EXERCISE :: Please return the listing exactly as written, but without its pictures.

SUPPLIED INFORMATION ::
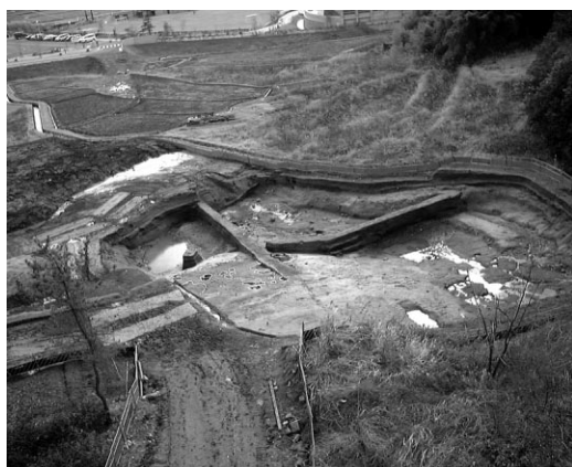
調査区全景 (北東より)

調査の概要 調査区は北東部の丘陵斜面と北西部から南部に広がる自然流路に分かれる。遺構としては山茶椀が出土した土坑などを丘陵斜面で検出した。調査区の大部分を占める自然流路の埋土は長年の土砂の堆積により複雑な層位をしていたが、概ね旧耕作土下の黒褐色土から山茶椀・施釉陶器・木製品など鎌倉から室町時代の遺物が、それからさらに 1 m 程下の青灰色粘質土直上から須恵器・土師器など奈良・平安時代の遺物が出土した。その他の遺物として丘陵斜面上の黄褐色砂礫層から戦国時代の施釉陶器が、その下の青灰色粘質土直上から縄文時代の石鏃・剥片が出土した。 (宇佐見 守)
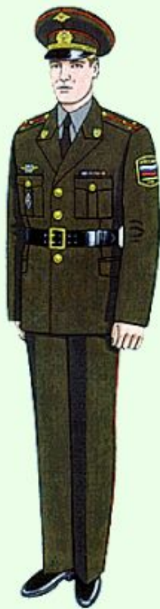
Повседневная для строя

SOLUTION ::
調査区全景 (北東より)

調査の概要 調査区は北東部の丘陵斜面と北西部から南部に広がる自然流路に分かれる。遺構としては山茶椀が出土した土坑などを丘陵斜面で検出した。調査区の大部分を占める自然流路の埋土は長年の土砂の堆積により複雑な層位をしていたが、概ね旧耕作土下の黒褐色土から山茶椀・施釉陶器・木製品など鎌倉から室町時代の遺物が、それからさらに 1 m 程下の青灰色粘質土直上から須恵器・土師器など奈良・平安時代の遺物が出土した。その他の遺物として丘陵斜面上の黄褐色砂礫層から戦国時代の施釉陶器が、その下の青灰色粘質土直上から縄文時代の石鏃・剥片が出土した。 (宇佐見 守)
Повседневная для строя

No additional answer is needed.